Frame buffers with indexed color?

Hi, I’m contemplating a project with LittlevGL and an STM32H750 which has the LTDC peripheral. One nice feature of the LTDC is indexed color using a look-up table, so you can send arbitrary 24-bit colors to a TFT display but only use 8 (or even 4) bits per pixel, with 256 (or 16) full RGB values stored in the LUT. Would this feature work smoothly with LittlevGL? I’d like to pack two frame buffers into the 1MB internal SRAM with an 800x480 display. That’s not really possible unless using a drastically reduced color mode like RGB332, or indexed color (by far the better solution).

I’m also wondering if there is already some code written to leverage the DMA2D engine in conjunction with the LTDC on STM32 parts. Preferably without bringing in the ST HAL code at all. If not I guess I’ll be writing it :slight_smile:

Thanks,
Mark

there is already some code written to leverage the DMA2D engine in conjunction with the LTDC on STM32 parts…

Yes, check the STM32F746-Discovery repository for an example.

Preferably without bringing in the ST HAL code at all.

Unfortunately, no. The driver makes use of Cube, but the necessary files are provided in tree. Out of curiosity, is there a reason why you don’t want to use the HAL?

It’s not a strict requirement, but I’ve found that it usually works out better in the long run. IMO, ST’s code is almost as hard to use as just going direct to the registers, it adds unnecessary bloat, and if anything fails to work, debugging it is a nightmare. That said, if I needed a rapid prototype, I might use it. Anything longer term, no.

I can imagine two solutions but both will slow:

  • In your flush callback convert the colors to indexes. You configure LittlevGL in 8 bit mode (LV_COLOR_DETH 8 lv_conf.h) to have smaller look up. Probably it’s the faster and better solution.
  • Use the set_px_cb callback in the display driver

I don’t completely understand what a lv_disp_buf_t is yet. Is this a buffer covering the entire screen? Or just some work areas used by lvgl?

If I use 8-bit color then there isn’t much point in going to indexed color, because the color space is already very constrained (e.g. 3/3/2). The real benefit of indexed color is having 8 bits per pixel represent everything you need. For example, my application is a voltmeter with large numerals on a solid background.
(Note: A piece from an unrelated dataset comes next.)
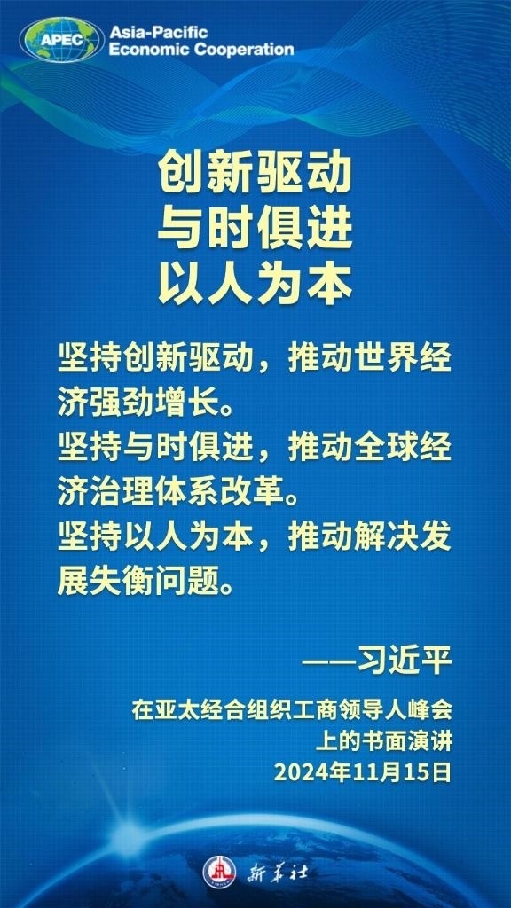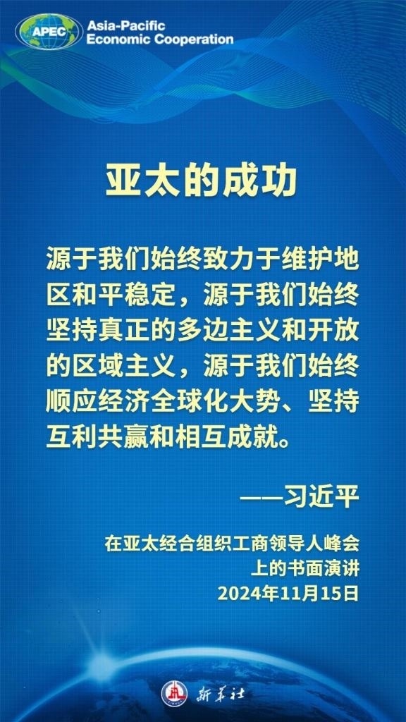 當?shù)貢r間11月15日上午,國家主席習近平向在利馬舉行的亞太經合組織工商領導人峰會發(fā)表題為《把握時代大勢 共促世界繁榮》的書面演講,這樣闡述亞太合作——

The 256 colors can then be assigned to all of the in-between shades used for anti-aliasing the font, e.g. between blue and white for white numbers on a blue background.

The indexed color LUT is a hardware feature, so at first I thought it should be completely transparent: Just use 8-bit mode and adjust the styles and the LUT so it looks the way I want. But then LittlevGL would not know how to anti-alias correctly.

Fortunately I don’t need any animations, and a frame rate of ~ 4-5 Hz is probably enough. The processor is a fast (400 MHz) Cortex M7 and power consumption is not an issue, so maybe I can get away with the slow method: 16 or 24-bit color in LittlevGL, then “fitting” to the closest color index in set_px_cb.

lv_disp_buf_t is a work area that can be sized to whatever you can accomodate (generally the larger it is , the faster stuff can be drawn).

I’m not sure that LittlevGL supports a palette-based display at present. Internally we always work with regular RGB color.

You don’t need to use 8 bit colors as RGB332 but you use then as indexes. For example:

lv_color_t my_red;
my_red.full = 23;

This way LittlevGL will draw every “my_red” colored object with “color 23”.

In your flush_cb you can copy/use the buffer with the indexed color as you need.

Keep in mind with an indexed palette you can’t use opacity and anti-aliasing because they tries to mix the color channels (R, G, B) linearly.

Is it simple to override color mixing routine?
Purpose: to use STM32-LTDC AL44 and AL88 pixel formats on memory constrained systems.

The main color mixing function id here: https://github.com/lvgl/lvgl/blob/565643e88387a305bd02ccf612a2ee4c969cabc9/src/lv_misc/lv_color.h#L454

It can be modified, it’s not known how things will behave in this custom environment.